Filesatu.co.id, SAMPANG | KASUS dugaan pencabulan di Desa Gunung Rancak, Sampang, terus menjadi sorotan. Lembaga Bantuan Hukum (LBH) Janur menduga kasus ini tidak hanya sebatas pencabulan, tetapi juga mengarah pada Tindak Pidana Perdagangan Orang (TPPO).
Ketua LBH Janur, Andi Subahri, menyatakan ada indikasi eksploitasi terhadap korban yang masih di bawah umur. “Kami mencermati bahwa kasus ini berpotensi kuat mengandung unsur perdagangan orang karena adanya dugaan upaya sistematis dalam membawa dan menempatkan korban dalam situasi yang rentan,” ujarnya.
Andi mendesak Unit Perlindungan Perempuan dan Anak (PPA) Polres Sampang untuk bertindak profesional dan transparan. Ia meminta polisi mengusut tuntas kasus ini hingga ke pihak-pihak yang mungkin terlibat dalam proses perekrutan atau pengondisian korban.
LBH Janur telah menerima kuasa dari keluarga korban sejak Selasa (5/8/2025). Mereka akan memberikan pendampingan hukum penuh untuk memastikan proses berjalan adil dan tidak ada intimidasi terhadap korban atau keluarganya.
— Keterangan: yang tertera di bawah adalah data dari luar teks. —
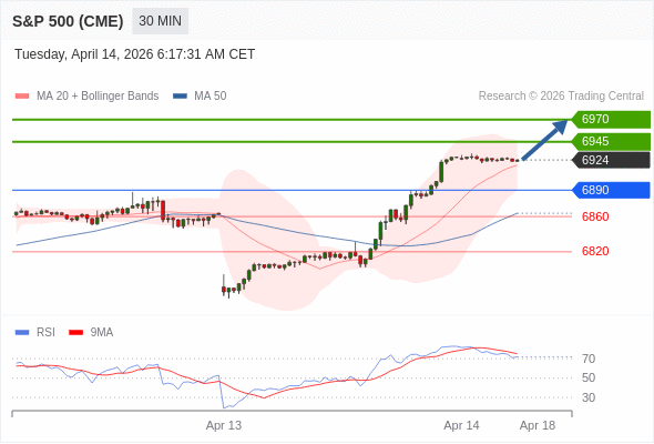 在 6890 之上,看涨,目标价位为 6945 ,然后为 6970 。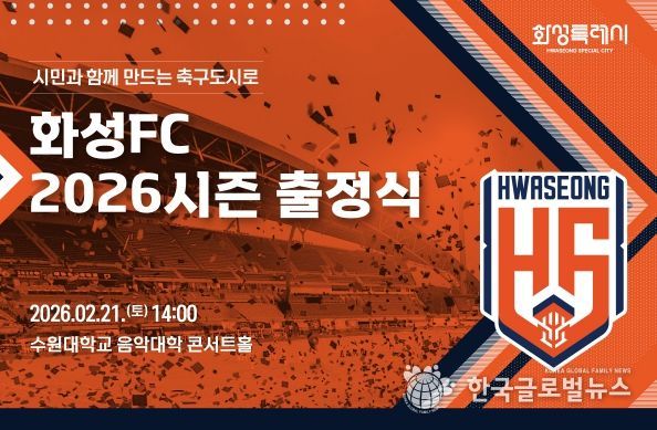(한국글로벌뉴스 - 박지형 기자) 화성FC가 오는 2월 21일 오후 2시, 수원대학교 음악대학 콘서트홀에서 ‘2026 화성FC 출정식’을 개최하고 2026시즌의 본격적인 출발을 알린다.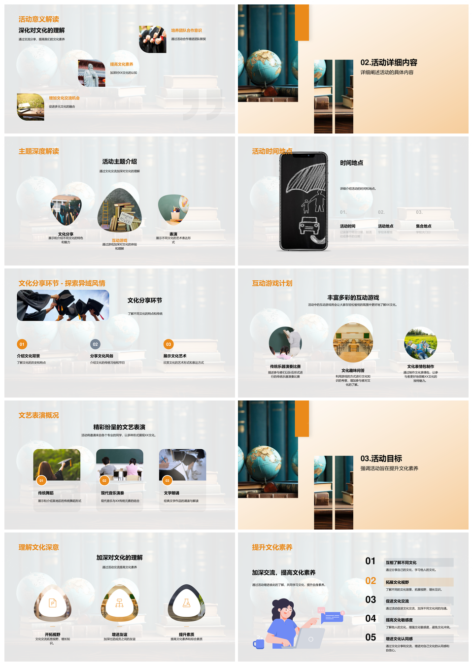 这是一张社团地球仪文化交流互动表演策划活动PPT模板,包含社团、地球仪、文化、交流、互动、表演、策划、活动等主题内容,也可用作社团地球仪文化交流互动表演策划活动、地球仪文化交流互动表演策划活动、社团地球仪文化交流互动表演、社团地球仪文化交流互动策划、社团地球仪文化交流表演策划、地球仪文化交流互动表演策划、社团文化交流互动表演策划活动、社团地球仪文化互动表演活动、地球仪文化交流互动表演活动、文化交流互动表演策划活动、社团文化互动表演策划活动、社团地球仪文化交流策划、文化交流互动表演策划、地球仪文化交流活动、互动表演策划活动等PPT场景使用。

“Kami akan mengawal kasus ini sampai tuntas, dari penyelidikan hingga persidangan, untuk memastikan keadilan bagi korban,” tegas Andi. Ia juga mengingatkan polisi untuk serius dan profesional dalam mengungkap kasus ini.
Sementara itu, Plh Kasi Humas Polres Sampang, AKP Eko Puji Waluyo, menyatakan penyelidikan masih berjalan. Kasus ini kini ditangani oleh Unit PPA.
“Kami pastikan penyidik akan menangani kasus ini sesuai prosedur,” kata Eko. Ia menegaskan, Polres Sampang tidak akan menoleransi segala bentuk kekerasan terhadap perempuan dan anak.
“Kasus ini menjadi atensi serius dan akan kami proses secepatnya sesuai ketentuan yang berlaku,” tutupnya.